> [Data]:
>>>

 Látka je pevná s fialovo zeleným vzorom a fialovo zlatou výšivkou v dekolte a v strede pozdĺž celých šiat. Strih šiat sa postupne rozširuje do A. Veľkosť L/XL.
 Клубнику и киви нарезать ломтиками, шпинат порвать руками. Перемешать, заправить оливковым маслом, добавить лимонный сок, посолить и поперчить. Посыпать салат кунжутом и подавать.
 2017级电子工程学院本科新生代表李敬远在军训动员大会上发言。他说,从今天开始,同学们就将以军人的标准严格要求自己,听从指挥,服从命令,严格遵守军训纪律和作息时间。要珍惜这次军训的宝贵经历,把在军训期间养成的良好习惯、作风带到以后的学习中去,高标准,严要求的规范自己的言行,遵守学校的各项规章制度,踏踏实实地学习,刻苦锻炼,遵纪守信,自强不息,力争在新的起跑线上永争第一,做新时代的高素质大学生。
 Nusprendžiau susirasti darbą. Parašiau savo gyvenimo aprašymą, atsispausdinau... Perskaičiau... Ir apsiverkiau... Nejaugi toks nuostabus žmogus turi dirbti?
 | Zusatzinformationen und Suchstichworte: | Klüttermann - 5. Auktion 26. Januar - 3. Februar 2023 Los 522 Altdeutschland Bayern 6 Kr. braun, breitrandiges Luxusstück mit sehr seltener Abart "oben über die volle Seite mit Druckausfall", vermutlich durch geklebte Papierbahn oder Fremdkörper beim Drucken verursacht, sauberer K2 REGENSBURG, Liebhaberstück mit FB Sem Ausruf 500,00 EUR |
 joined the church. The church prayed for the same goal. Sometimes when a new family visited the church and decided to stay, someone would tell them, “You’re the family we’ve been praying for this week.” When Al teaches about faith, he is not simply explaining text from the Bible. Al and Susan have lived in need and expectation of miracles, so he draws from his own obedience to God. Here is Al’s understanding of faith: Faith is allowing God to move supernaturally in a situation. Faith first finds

<<<
>>>

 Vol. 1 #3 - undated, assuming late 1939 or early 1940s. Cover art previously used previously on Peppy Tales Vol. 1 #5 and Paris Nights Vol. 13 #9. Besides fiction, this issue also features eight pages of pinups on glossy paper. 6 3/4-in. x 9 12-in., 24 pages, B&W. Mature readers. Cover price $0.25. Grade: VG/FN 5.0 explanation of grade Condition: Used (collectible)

<<<

> [What the exercise asks]: All lines above from the one holding "Клубнику и киви" to the one holding "joined the church.", inclusive, are to be copied exactly; no other line is wanted.

> [Written answer]:
 Клубнику и киви нарезать ломтиками, шпинат порвать руками. Перемешать, заправить оливковым маслом, добавить лимонный сок, посолить и поперчить. Посыпать салат кунжутом и подавать.
 2017级电子工程学院本科新生代表李敬远在军训动员大会上发言。他说,从今天开始,同学们就将以军人的标准严格要求自己,听从指挥,服从命令,严格遵守军训纪律和作息时间。要珍惜这次军训的宝贵经历,把在军训期间养成的良好习惯、作风带到以后的学习中去,高标准,严要求的规范自己的言行,遵守学校的各项规章制度,踏踏实实地学习,刻苦锻炼,遵纪守信,自强不息,力争在新的起跑线上永争第一,做新时代的高素质大学生。
 Nusprendžiau susirasti darbą. Parašiau savo gyvenimo aprašymą, atsispausdinau... Perskaičiau... Ir apsiverkiau... Nejaugi toks nuostabus žmogus turi dirbti?
 | Zusatzinformationen und Suchstichworte: | Klüttermann - 5. Auktion 26. Januar - 3. Februar 2023 Los 522 Altdeutschland Bayern 6 Kr. braun, breitrandiges Luxusstück mit sehr seltener Abart "oben über die volle Seite mit Druckausfall", vermutlich durch geklebte Papierbahn oder Fremdkörper beim Drucken verursacht, sauberer K2 REGENSBURG, Liebhaberstück mit FB Sem Ausruf 500,00 EUR |
 joined the church. The church prayed for the same goal. Sometimes when a new family visited the church and decided to stay, someone would tell them, “You’re the family we’ve been praying for this week.” When Al teaches about faith, he is not simply explaining text from the Bible. Al and Susan have lived in need and expectation of miracles, so he draws from his own obedience to God. Here is Al’s understanding of faith: Faith is allowing God to move supernaturally in a situation. Faith first finds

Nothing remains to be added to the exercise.